Parmi les livres – Requiem pour un empire. Les États-Unis et le piège afghan, 2001-2021 (T 1637)
Là où tant d’autres euphémisent la guerre à la terrasse du Flore et sans avoir jamais chaussé de rangers, John-Christopher Barry met du vécu (1). Pour nous parler de l’Empire il part et parle d’abord de lui, citoyen franco-américain, et de son séjour en Afghanistan au plus fort de la guerre, comme Marc Bloch sur le champ de bataille dans la première partie de L’étrange défaite mais en faisant un long travelling arrière avec des retours et des incises pour progressivement passer du particulier au politique. Sa guerre commence au sous-sol du BHV, cette caverne d’Ali Baba bien connue des Parisiens, où il s’agit de faire graver nom et prénom mais aussi groupe sanguin et allergies médicamenteuses sur une plaque standard Otan de 3,2 cm, même format que ceux « destinés aux chiens et aux chats ». Ce qui échoue malgré les tentatives méritoires de la dame préposée à la gravure, sauf à massacrer l’état-civil ou sacrifier les prescriptions de la Faculté. Le ton est donné, allègre, plein d’ironie et de recul sur soi.
Nous voilà donc embeddés avec Barry. Car dans un monde qu’on veut global au risque que les contraires s’équilibrent, la chute d’une civilisation se voit dans le local, là où naissent les lames de fond qui deviennent des vagues scélérates. Barry nous montre par petites touches que la défaite des armées américaines est inscrite dans l’ADN de ses soldats, lorsque la rhétorique de l’hyperpuissance se résout dans une gigantesque pétaudière comme dans M.A.S.H. Il revient, par exemple, sur la question des interprètes déployés sur le terrain. Il n’était pas un officier saharien ou des bureaux du sud algérien qui ne sache parler arabe et lire le Coran dans le texte – notre ami, le regretté général Claude le Borgne, avait été formé à cette école. Il ne viendra néanmoins jamais à l’idée du Pentagone d’en faire autant, se contentant du recours à des expatriés pour la plupart vivant aux États-Unis, totalement incompétents et à la fiabilité douteuse. La conséquence en est des traductions erronées et des contresens dramatiques pour la population. Il en est de même du recours aux chefs de village comme interlocuteurs uniques et gauleiters, écartant les communautés de démocratie locale pour imposer la structure hiérarchique de la société civile américaine. Le tout à l’avenant, et John-Christopher Barry multiple les exemples, tous plus atterrants les uns que les autres. Ce n’est même plus de l’inconséquence, c’est de la bêtise. On sait comment cela a fini et ne pouvait que finir ; s’il avait fallu trois ans aux Taliban pour revenir à Kaboul après le départ des Soviétiques, il ne leur a pas fallu trois semaines avec les Américains.

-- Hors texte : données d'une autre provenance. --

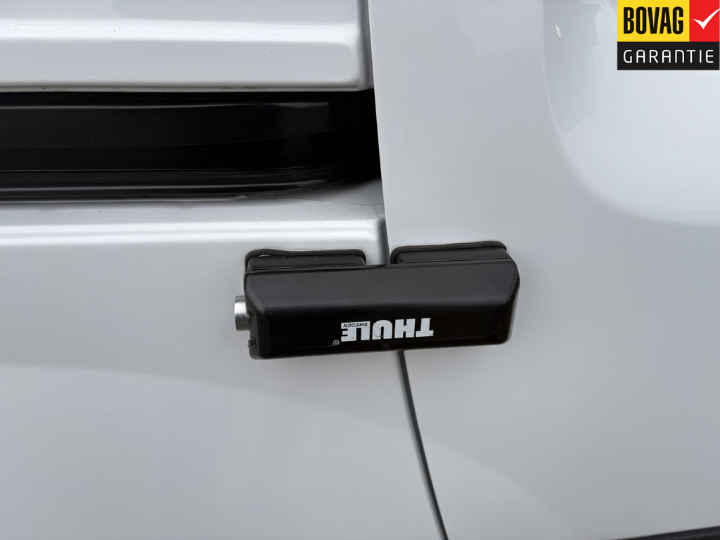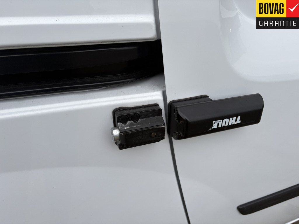 Beveiligingssloten op achterdeuren en zijschuifdeur rechts, en een volledig tussenschot met raam.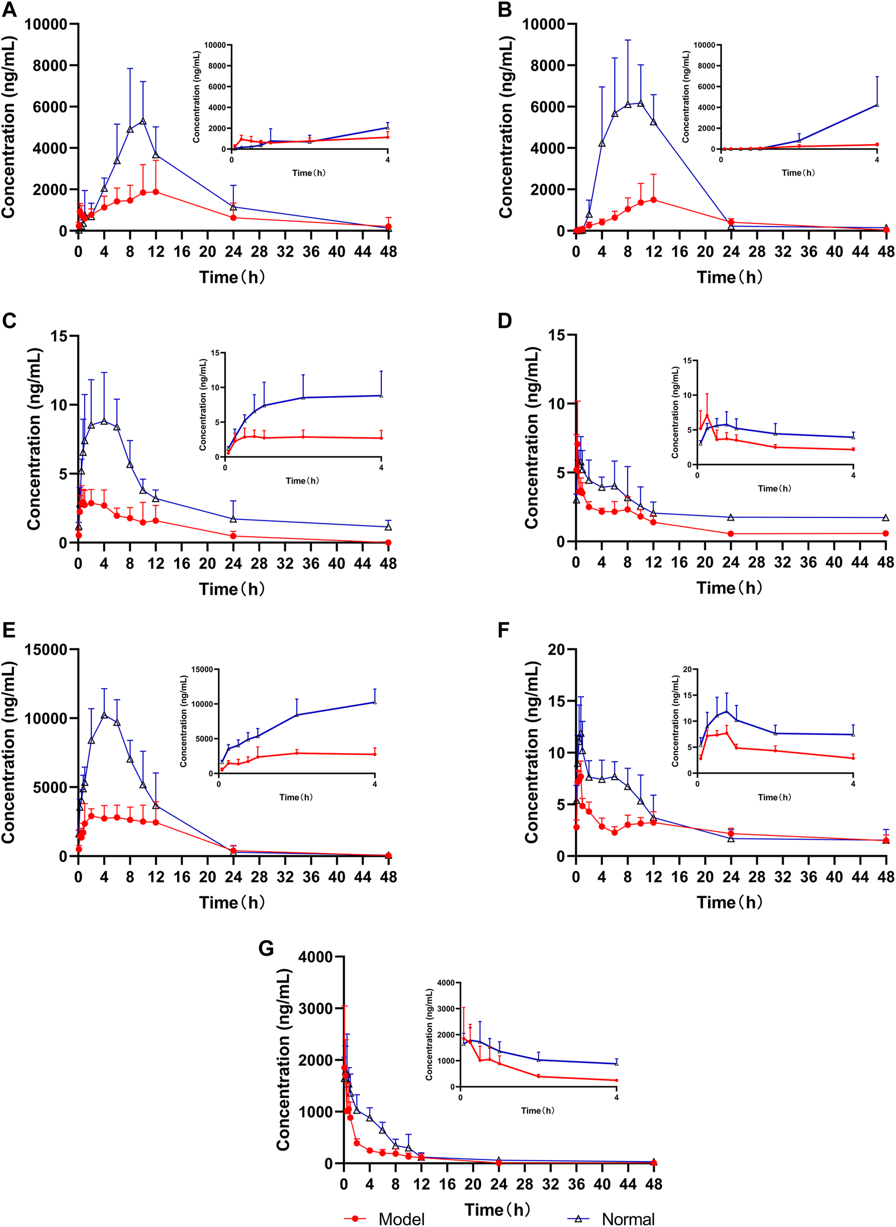 The pharmacokinetic drug behavior is different in normal and NAFLD rats. The pharmacokinetics of rosiglitazone in normal and high-fat diet–induced NAFLD model rats have hereby been reported (Kulkarni et al., 2016). The results have shown that the pharmacokinetics of rosiglitazone in NAFLD mice changed significantly. Compared with healthy mice, the oral clearance rate of rosiglitazone in NAFLD mice was significantly reduced and the average plasma half-life was significantly prolonged. Actually, NAFLD has been reported to be associated with the regulation of metabolic enzymes and transporters (Fisher et al., 2009). The difference in the pharmacokinetics might be related to changes in the expression of transporters in rats. Therefore, studying the changes of metabolic enzymes and transporters in rat liver is of great significance to reveal the pharmacokinetic process in NAFLD rats. On the basis of the previous research by the present researchers (Yi et al., 2018; Ma et al., 2021), UPLC-MS/MS was used to detect the expression levels of metabolic enzyme UGT1A1 and drug transporters NTCP, OATP1A1, OCT1, MATE1, MRP2, MDR1, BSEP, OATP1A2, and OATP1A4 in the liver of rats in the normal and model groups. Up to now, no comparative pharmacokinetics of these active compounds has been reported in normal and NAFLD rats after LGZGD administration. Therefore, an accurate and reliable UPLC-MS/MS method is hereby proposed for the simultaneous determination of seven components in the plasma of normal and NAFLD rats after LGZGD administration. The results showed significant differences in pharmacokinetic characteristics between the normal and NAFLD groups. The method was fully validated and applied in a comparative pharmacokinetic study. Overall, the results can provide useful information for clinical application.

Ceux-ci ont beau être venus nous solliciter en vain en 2003 lorsqu’ils ont découvert le film de Pontecorvo, La bataille d’Alger, ils n’ont rien retenu de la contre-insurrection à la française, sauf peut-être le recours à une torture justifiée et généralisée. Ils ne nous ont pas écoutés lorsque nous leur avons répété que ça ne servait à rien, ils ont recommencé l’opération Phoenix du Vietnam avec à son terme le même échec : ils ont tué, tué et encore tué et ils n’en ont aucune mauvaise conscience. L’irresponsabilité de l’Amérique puritaine est tout autant une inculpabilité qu’un refus d’apprendre. Et ce que Barry a vu à la prison de Bagram l’a « renvoyé à toutes les entreprises de déshumanisation du siècle dernier dont les images nous sont parvenues ». C’est le fils du soldat Bernstein devenu Barry lorsque, jeune GI, il débarqua en France avec l’armée Patton, qui s’exprime là. Ainsi la consultation médicale de détenus à laquelle il a assisté ressemble à la séquence d’ouverture de Monsieur Klein, mais cette fois-ci sous bannière étoilée.